Type I collagen gel in seeding medium improves murine mesencymal stem cell loading onto the scaffold, increases their subsequent proliferation, and enhances culture mineralization.

作者信息

Eslaminejad Mohamadreza Baghaban, Mirzadeh Hamid, Nickmahzar Aghbibi, Mohamadi Yossef, Mivehchi Houri

机构信息

Stem Cell Department, Cell Sciences Research Center, Royan Institute, ACECR, Tehran, Iran.

出版信息

J Biomed Mater Res B Appl Biomater. 2009 Aug;90(2):659-67. doi: 10.1002/jbm.b.31332.

DOI:10.1002/jbm.b.31332
PMID:19204919
Abstract

Collagen I as a major organic component of bone matrix may be important for establishment and maintenance of mesenchymal stem cells (MSCs) in osteogenic 3D culture. To explore this subject, murine marrow-derived MSCs were seeded onto hybrid scaffolds of alginate/gelatin/beta-tricalcium phosphate in a medium either with or without collagen I gel. The cultures were then provided with osteogenic medium and incubated for three weeks during which loading efficiency, cell proliferation and the culture mineralization were quantified and statistically compared.
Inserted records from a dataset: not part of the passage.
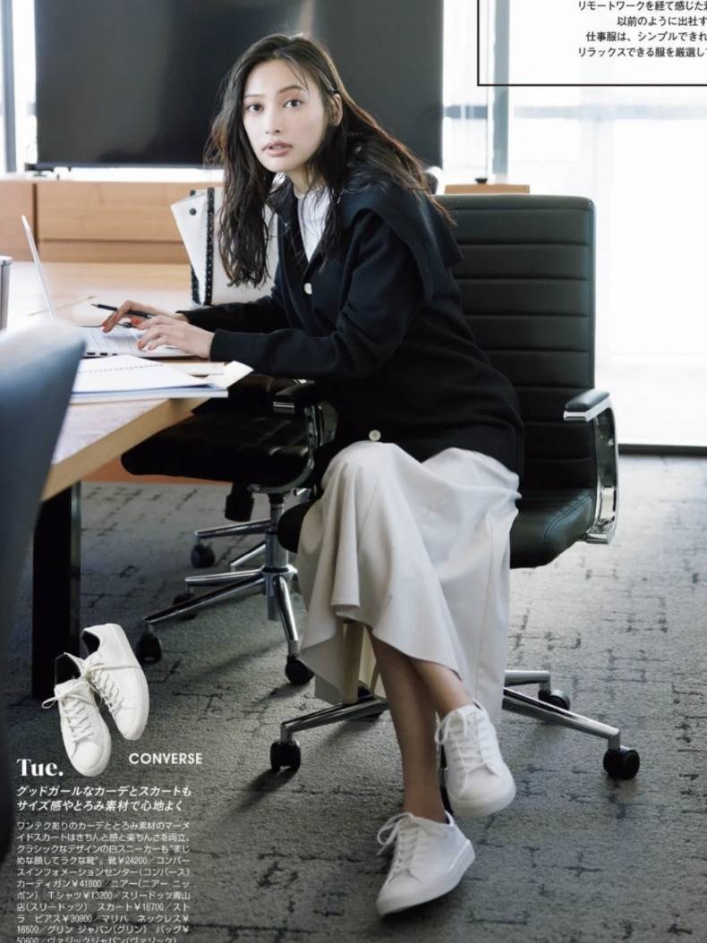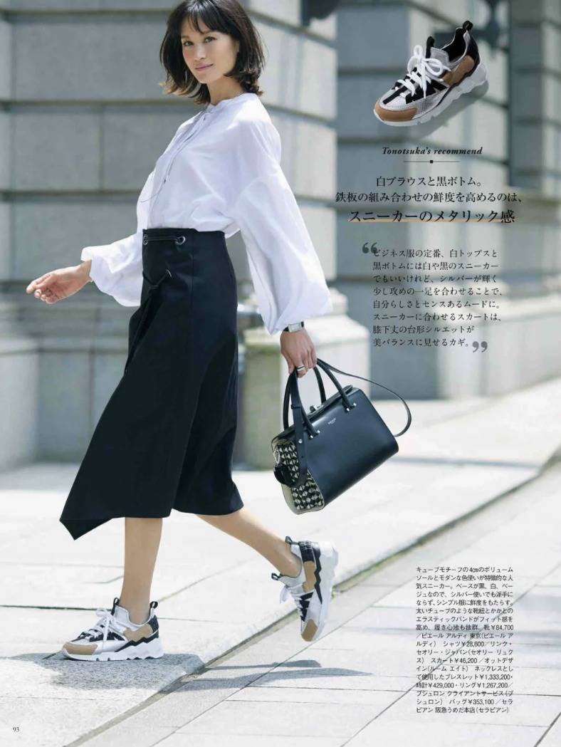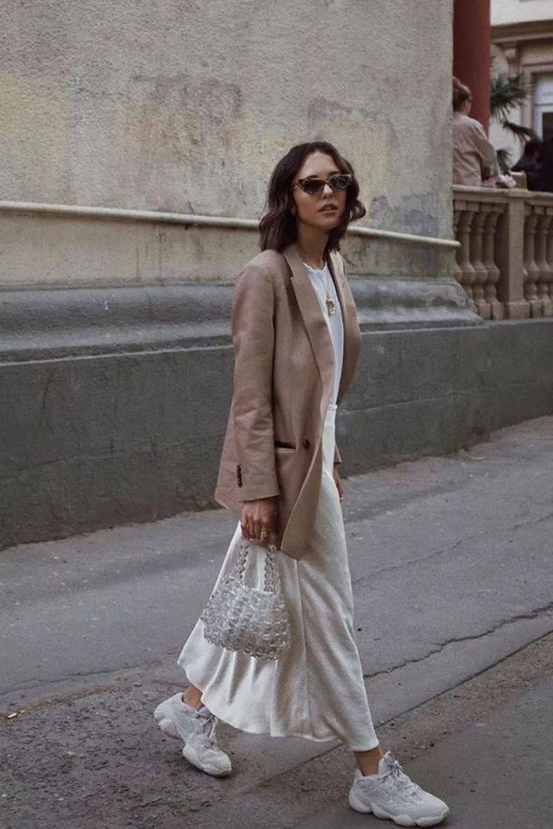 运动鞋+裙子,其实也能穿得很职场。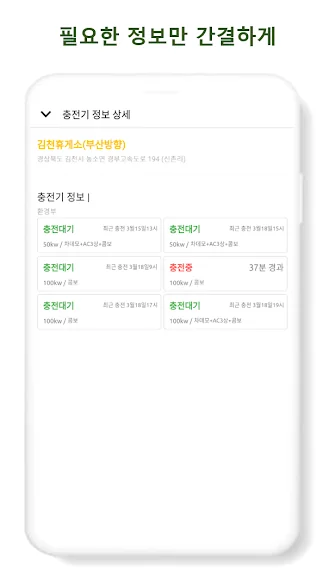 아래는 고속도로 전기차 충전소 어플에 대한 스크린샷 정보입니다.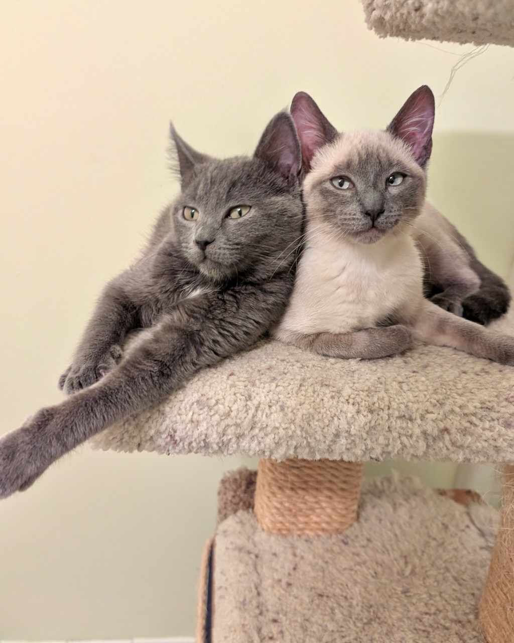 Young kittens must go home in pairs, or to a home with another cat. Infrequently we will make exceptions.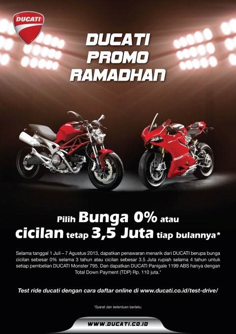 DUCATI PROMO RAMADHAN, kredit ducati Rp. 3,5 juta perbulan selama 4 tahun atatu bunga 0 % 18 Juli 2013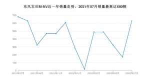 2022年7月,东风本田M-NV销量为637辆,同比下降6.32%,环比增长270.35%。2021年07月-2022年07月份,东风本田M-NV销量为5595辆,同比增长120.28%。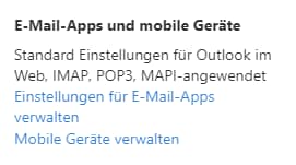 Ein Klick auf „Einstellungen für E-Mail-Apps verwalten“ fördert Folgendes zutage: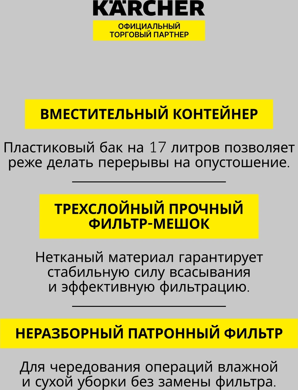 Удлинительные трубки, 2 шт., 0.5 м, 35 мм, пластмасса. Насадка для влажной и сухой уборки, со вставками. Щелевая насадка. Гибкий всасывающий шланг, 2 м, 35 мм. Адаптер для соединения с электроинструментами. Насадка-кисть с мягкой щетиной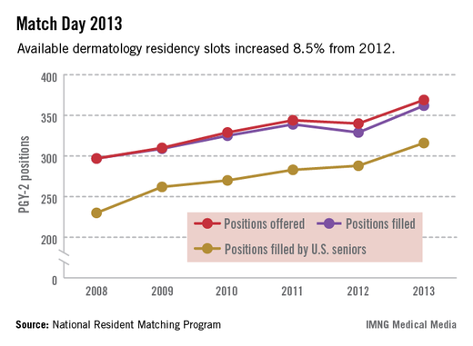 Compared with 2012, when the number of residency slots dropped slightly, the number of dermatology positions offered increased by 8.5% in 2013. The number of slots filled increased by slightly more than 10%, and the number of U.S. seniors taking dermatology residency positions increased slightly less than 10%, the NRMP data showed.

According to the findings, in culture with collagen, although about 60% of the cells left the scaffolds, the remaining cells, however, proliferated extensively with a population doubling number (PDN) equivalent to 2.46 +/- 0.31 and organized as cell aggregations that were heavily mineralized (calcium concentration = 1.017 +/- 0.141 mM per scaffold), whereas in the culture without collagen, about 75% of the cells left the scaffolds, less cell proliferation occurred (PDN = 1.48 +/- 0.29) and no cell aggregation was observed. The calcium concentration in this culture was 0.185 +/- 0.029 mM per scaffold. All these differences were statistically significant (p < 0.001). Taken together, these data suggested that using the collagen I in seeding medium could help mMSCs loading into the scaffold, enhance their subsequent proliferation, and increase calcium deposition in 3D culture system.

摘要

作为骨基质主要有机成分的I型胶原蛋白,对于间充质干细胞(MSC)在成骨三维培养中的建立和维持可能具有重要意义。为了探究这一课题,将小鼠骨髓来源的间充质干细胞接种到藻酸盐/明胶/β-磷酸三钙的混合支架上,置于添加或不添加I型胶原蛋白凝胶的培养基中。然后向培养物中加入成骨培养基并孵育三周,在此期间对加载效率、细胞增殖和培养矿化进行定量并进行统计学比较。根据研究结果,在含有胶原蛋白的培养中,尽管约60%的细胞离开支架,但其余细胞大量增殖,群体倍增数(PDN)相当于2.46±0.31,并组织形成大量矿化的细胞聚集体(钙浓度=每个支架1.017±0.141 mM),而在不含胶原蛋白的培养中,约75%的细胞离开支架,细胞增殖较少(PDN=1.48±0.29),且未观察到细胞聚集。该培养中每个支架的钙浓度为0.185±0.029 mM。所有这些差异均具有统计学意义(p<0.001)。综上所述,这些数据表明,在接种培养基中使用I型胶原蛋白有助于小鼠间充质干细胞加载到支架中,增强其随后的增殖,并增加三维培养系统中的钙沉积。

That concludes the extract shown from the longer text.